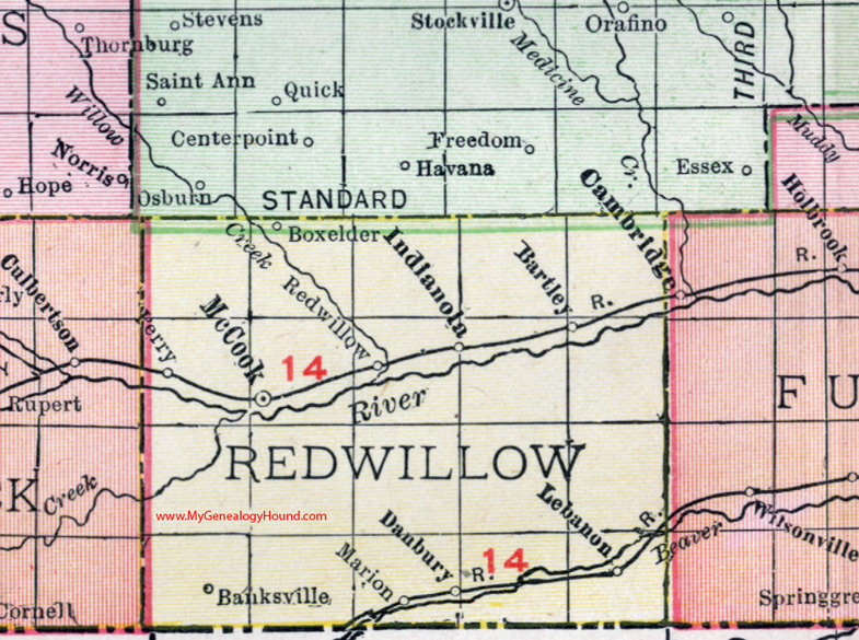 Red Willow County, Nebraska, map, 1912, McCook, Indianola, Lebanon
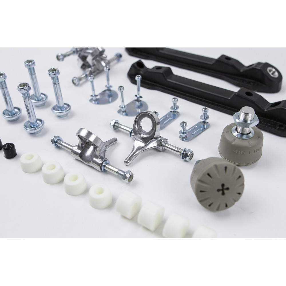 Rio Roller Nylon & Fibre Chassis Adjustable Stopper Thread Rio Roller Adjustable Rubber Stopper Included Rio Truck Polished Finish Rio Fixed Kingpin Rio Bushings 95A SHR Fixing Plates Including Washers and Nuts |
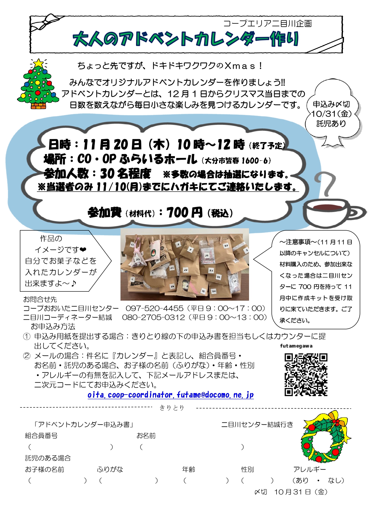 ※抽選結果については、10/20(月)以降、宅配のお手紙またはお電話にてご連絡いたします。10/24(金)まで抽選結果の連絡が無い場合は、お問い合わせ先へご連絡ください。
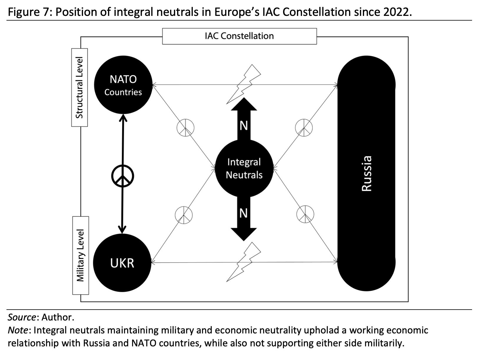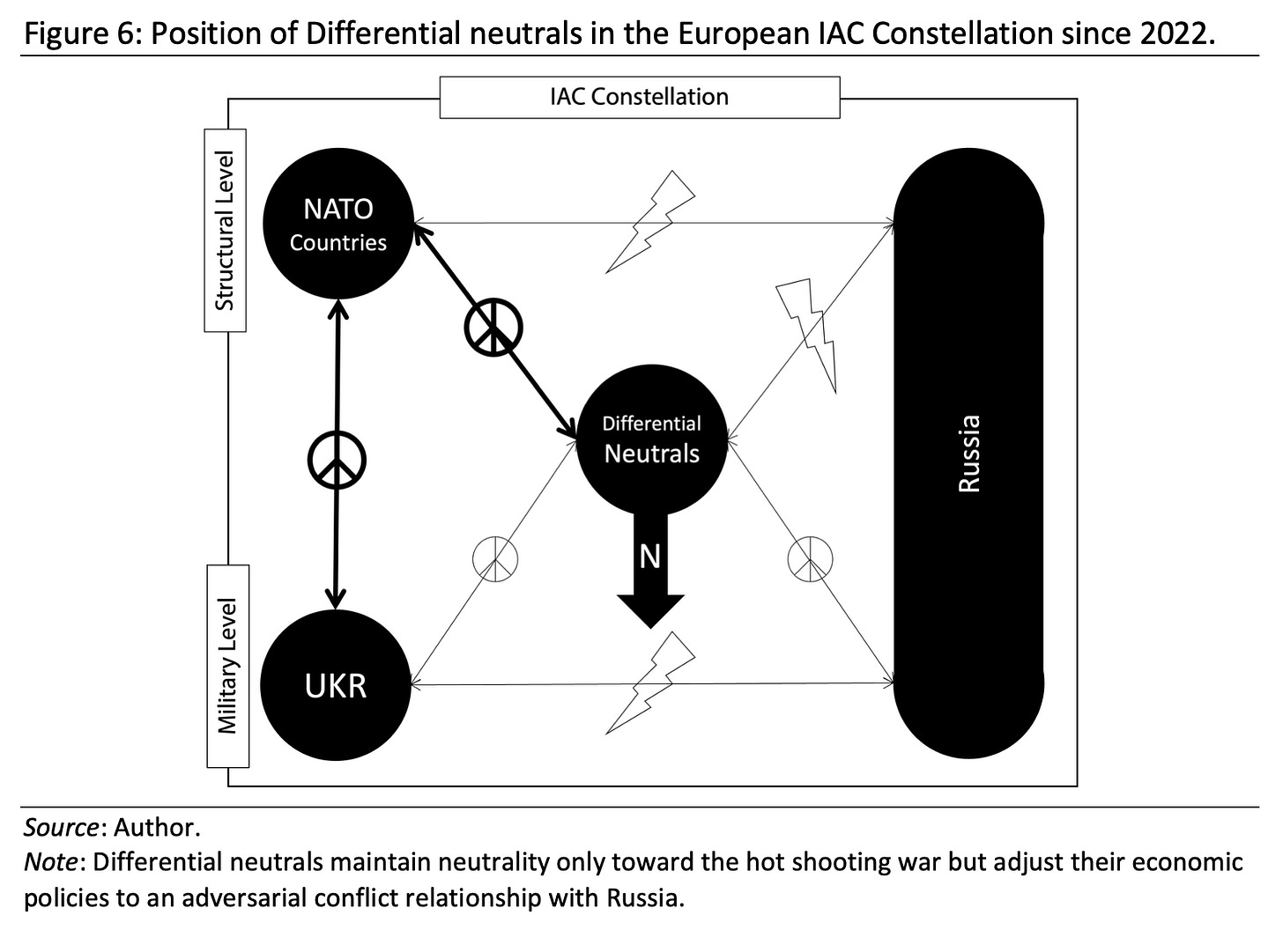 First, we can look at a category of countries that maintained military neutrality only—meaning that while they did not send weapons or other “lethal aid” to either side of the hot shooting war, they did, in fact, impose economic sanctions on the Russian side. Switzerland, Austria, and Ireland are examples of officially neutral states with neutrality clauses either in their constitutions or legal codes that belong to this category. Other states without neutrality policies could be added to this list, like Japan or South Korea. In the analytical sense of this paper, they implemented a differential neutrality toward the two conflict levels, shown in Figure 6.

^^^^^^^^^^^^^^^^

- What is needed:
From the line that holds "Rio Roller Nylon" down to the last line of the material above, every line is to be copied exactly, both ends included; pictures are to be omitted.

- Task result:
 Rio Roller Nylon & Fibre Chassis Adjustable Stopper Thread Rio Roller Adjustable Rubber Stopper Included Rio Truck Polished Finish Rio Fixed Kingpin Rio Bushings 95A SHR Fixing Plates Including Washers and Nuts |
 ※抽選結果については、10/20(月)以降、宅配のお手紙またはお電話にてご連絡いたします。10/24(金)まで抽選結果の連絡が無い場合は、お問い合わせ先へご連絡ください。
 First, we can look at a category of countries that maintained military neutrality only—meaning that while they did not send weapons or other “lethal aid” to either side of the hot shooting war, they did, in fact, impose economic sanctions on the Russian side. Switzerland, Austria, and Ireland are examples of officially neutral states with neutrality clauses either in their constitutions or legal codes that belong to this category. Other states without neutrality policies could be added to this list, like Japan or South Korea. In the analytical sense of this paper, they implemented a differential neutrality toward the two conflict levels, shown in Figure 6.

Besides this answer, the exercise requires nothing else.